Chatos Como vitoriosos medíocfres Seres clichês Todos eles estão convidados, Súbito convíveis Sem mais hiperglicemia ou enxaqueca... Ah, as fachadas, Com que a casa acorda Para o mesmo incolor nosso de cada dia! FECHADA PARA BALANÇO Persianas e venezianas, brasilianas Fechadas Bem trancadas todas, dentro de mim, Que apuro débitos (muitos) & créditos (poucos) neste viejo almacén de secos ou de molhados em que se transformou meu quarto interior de guardados, onde jaz, sem remorsos, a utopia não realizada e as mil investidas contra moinhos de aço escovado high tech design assinado como se fossem apenas de vento... FICHADA PARA BALANÇO Até a próxima ditadura Certamente civil, Sorridente, cordial, Ou até alguma razzia Contra os opositores da globalização neoliberal Ou- quem sabe?- mesma alguma simples blitz local Contra os despossuídos de poder De sempre... (Só a ironia- esta bóia inflável- me salva do naufrágio cotidiano!) LAURA NOGUEIRA( ) poeta paraense, dedicou-se desde os 15 anos a escrever e reescrever a obra Porque Uma Flor é Grito Matéria, ganhadora, em 2012, do Prêmio Literário Vespasiano Ramos, promovido pela Academia Paraense de Letras, no gênero poesia.
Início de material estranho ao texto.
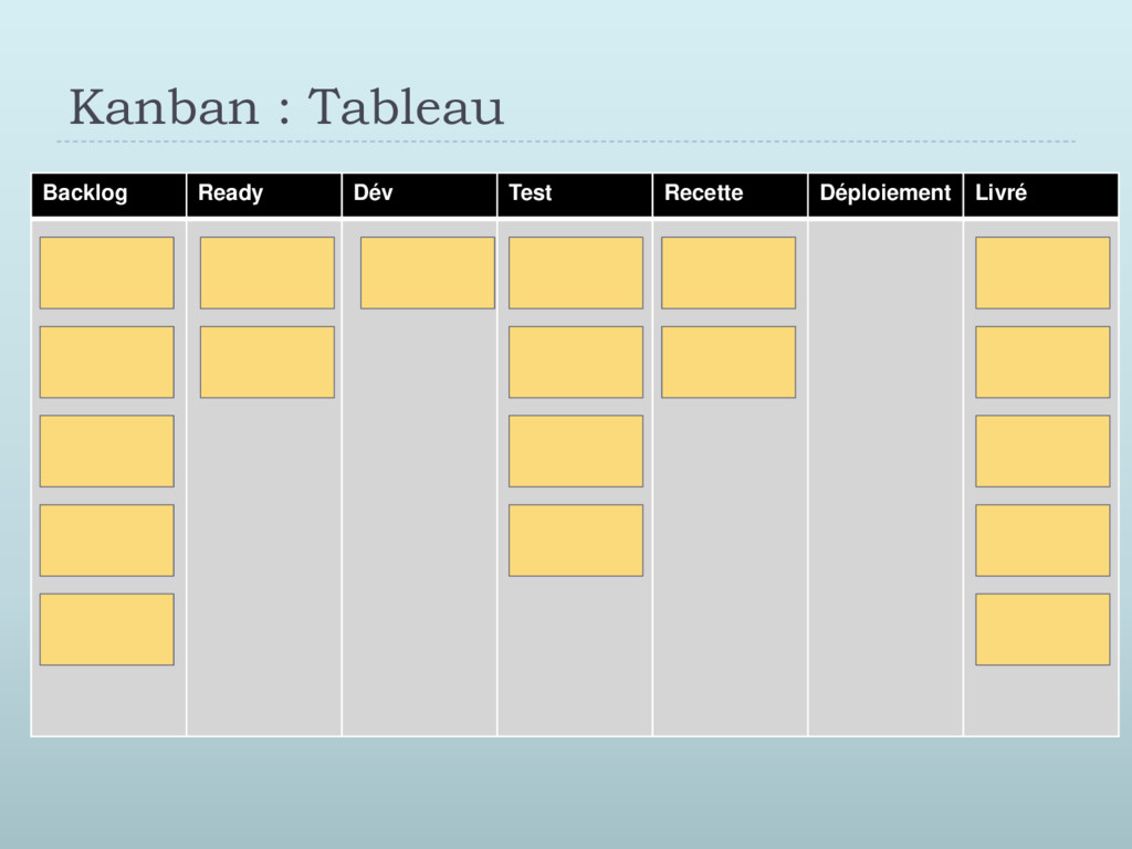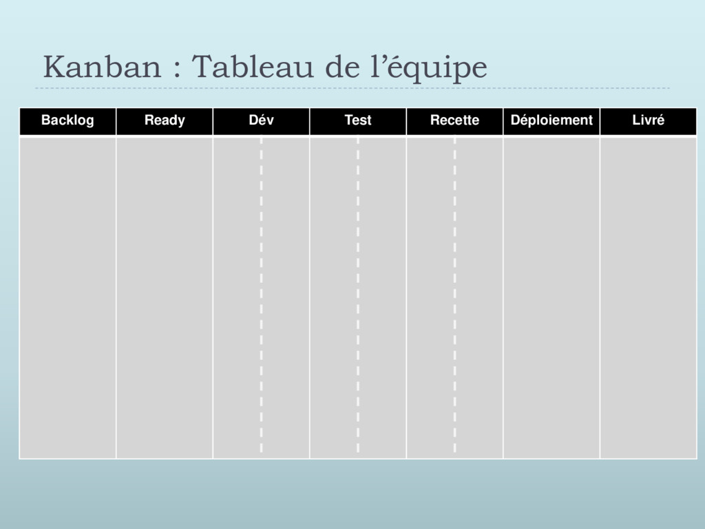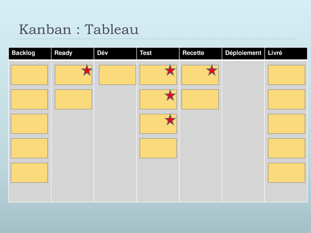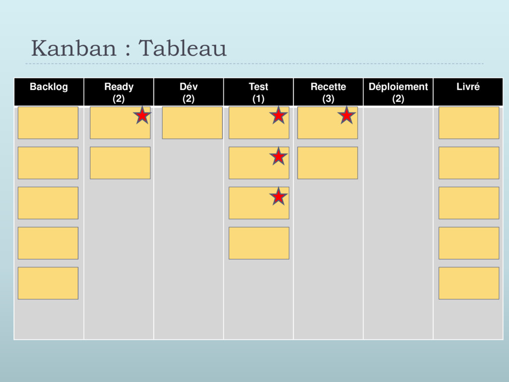 60 70 1 2 3 4 5 6 7 8 9 10 Backlog Prêt Dev Dev - Fini Test Test - Fini Recette Recette - Fini Déploiement Terminé Etat du système dans lequel le flux avance en tendant vers la stabilité et la constance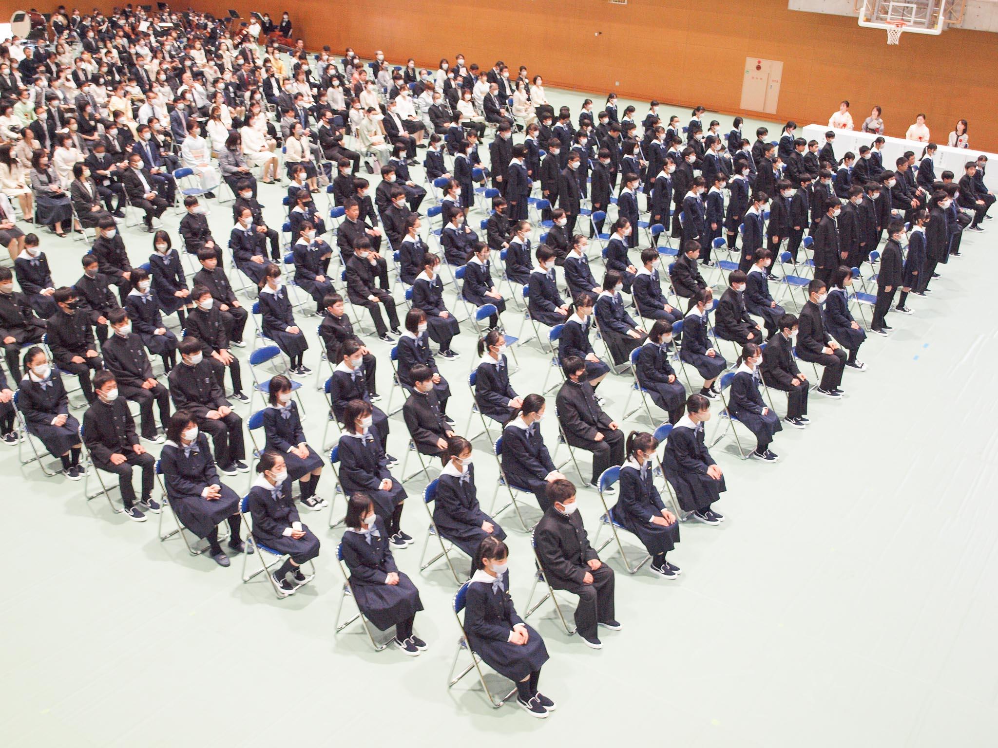 新入生はエルガーの『威風堂々』の演奏の中、入学式会場を後にし、力強く中学生としての第一歩を踏み出しました。

Formou-se em letras pela Universidade Federal do Pará e é professora de língua portuguesa. Participou das plaquetes 30 poetas,30 poemas (2015)e Belém 400 Anos(2016). AUTO-RETRATO DE VAN GOGH Há uma tempestade de luz sobre o rosto, luz escura de agonia. O amarelo como um golpe, um susto e um surto. Seria tua veia na fímbria da roupa o grito vermelho? Estaria tua orelha esvaída na borda da camisa, aba do chapéu, barba? Tua face bordada pelo sangue na tela sangrada de sombras. Na tua boca o silêncio de cabelos brancos. A estridente cabeça observa com olhos de turbulência. NOITE ESTRELADA DE VAN GOGH Na noite estrelada, o acorde da angustiada guitarra. O laranja ressoa Na pele nasce violino estridente. Da mão, o fogo redemoinha. O gesto vermelho pare as chamas, e uma voz negra. Uma voz noturnamente azul De absurdos silêncios e lembranças. FEITOS Atraí com o bico do lápis um pássaro que sonhei. Atirei-me ao precipício do poema com a pedra do sonho amarrada ao pescoço. MELANCÓLICO Ao amigo Marcos Palheta Meu amigo é melancólico. Os melancólicos também são pessoas interessantes, nos disse. Cava com o olhar, na parede um mapa de filosofias. Olha para nós como para o fundo de um poço. Os olhos são poços com águas negras de melancolia.
Meu amigo vive um constante mergulhar. Às vezes some numa frase. Emerge depois como voltasse do mar, E o mar fosse assombro.
Meu amigo retorna como quem volta ao distante. Galga o sabor de vinhos antigos. Quer ter um odre de poesia na adega de sua velhice. É de temperamento plácido como a lagoa, a estrada sem viajantes, Sol neutro na água. Vê música no poema e sorri, riso por vezes debulhado da angústia.